Memory is our reconstruction of past events. It may seem rather futile to ever attain an accurate rendering of the past, because memory is by definition always subjective. So the past only exists as we know it in fragments, in the pictures we take to memorialize a moment, in the selectively remembered (and forgotten) encounters and conversations we have with others.

Of course, the resulting narrative we create out of these fragments vary greatly from person to person, as are the fragments that each individual chooses (I know, I am implying that remembering is an active, not passive act) to remember.

What I wonder though, is what happens to the bits that are forgotten and left behind. We know the past through the memories of the present we have, but is there some kind of black hole where the selectively unremembered bits fall into?

I think, maybe, that the role of the historian is to tunnel through the outer layer of memories to delve into this black hole, to salvage as many forgotten bits of the past as possible. Memories are clues, telling us where these black holes may or may not exist.

We also create our own personal black holes, at a personal (or psychological, to be Freudian) level.
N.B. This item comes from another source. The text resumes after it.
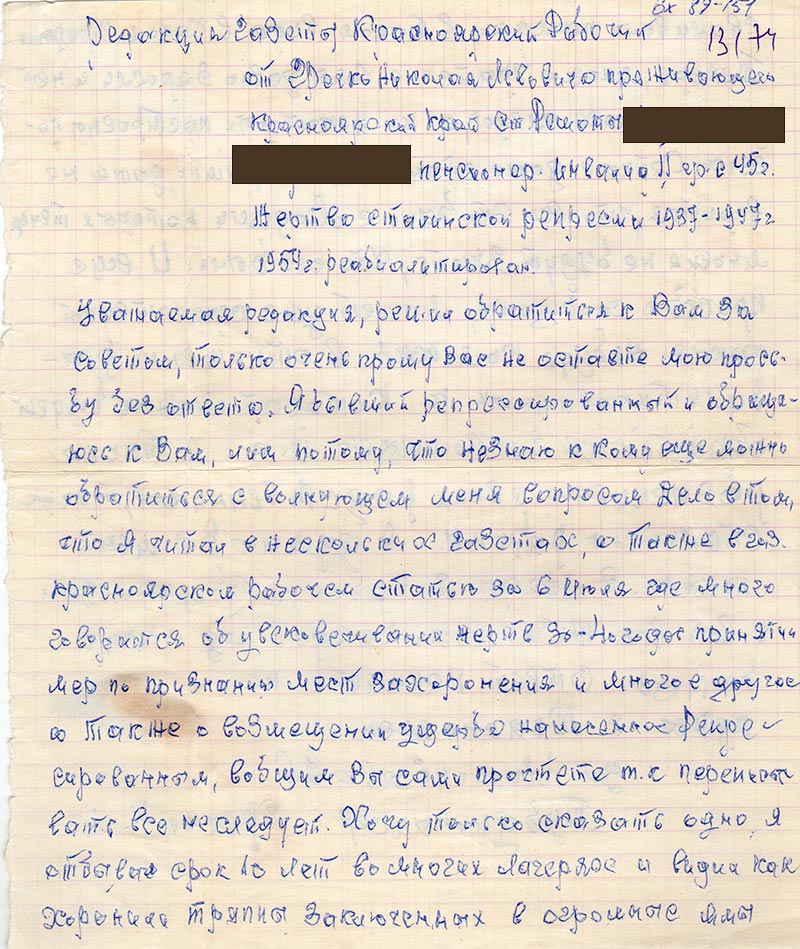 Уважаемая редакция, решил обратиться к Вам за советом, только очень прошу Вас не оставьте мою просьбу без ответа. Я бывший репрессированный и обращаюсь к Вам, или потому, что незнаю к кому еще можно обратиться с волнующем меня вопросом. Дело в том, что я читал в нескольких газетах, а также в газ. Красноярском рабочем статью за 6 июля где много говориться об увековечивании жертв 36-40 годов принятии мер по признанию мест захоронения и многое другое а также о возмещении ущерба нанесенного репрессированным, вобщем Вы сами прочтете т.к. переписывать все не следует. Хочу только сказать одно, я отбывал срок 10 во многих лагерях и видел как хоронили трупы заключенных в огромные ямы сваливали пачками в таком виде в каком умирали. Теперь, многие братские ямы давно заросли и нет уже никаких следов, а на некоторых построены поселки. Сейчас даже становится страшно, даже не верится, что все это было с людьми которых теперь многие не будут знать, что они были. И еще просьба сообщите, может уже существует какая-нибудь комиссия в отношении реабилитированных к которой можно будет обратиться за помощью т.к. я также разыскиваю своих родственников, также Сталинской работы. Я думаю вы меня поняли. В лагере я заболел туберкулезом и вот всю жизнь почти каждый год лечусь в больнице.

Things too painful to remember we choose to forget - or as I remember reading in some article on psychology piece in The Economist, certain chemicals in our brain become numbed or immobilized when we experience great tragedy, that make us physiologically incapable of remembering them.

I think I've been surprisingly efficient at creating my own relationship black holes. It's not even that I'm not comfortable bringing the topic up, its almost as if they no longer exist in my memory and I have to think extra extra hard to visualise them again. Yet, at a very subconscious level I know that these past relationships were a great part of my past which still continue to reverberate in the present insidiously.

What is the opposite of black holes? I can't quite think of an appropriate term yet. White mountains? White elephants? Memory?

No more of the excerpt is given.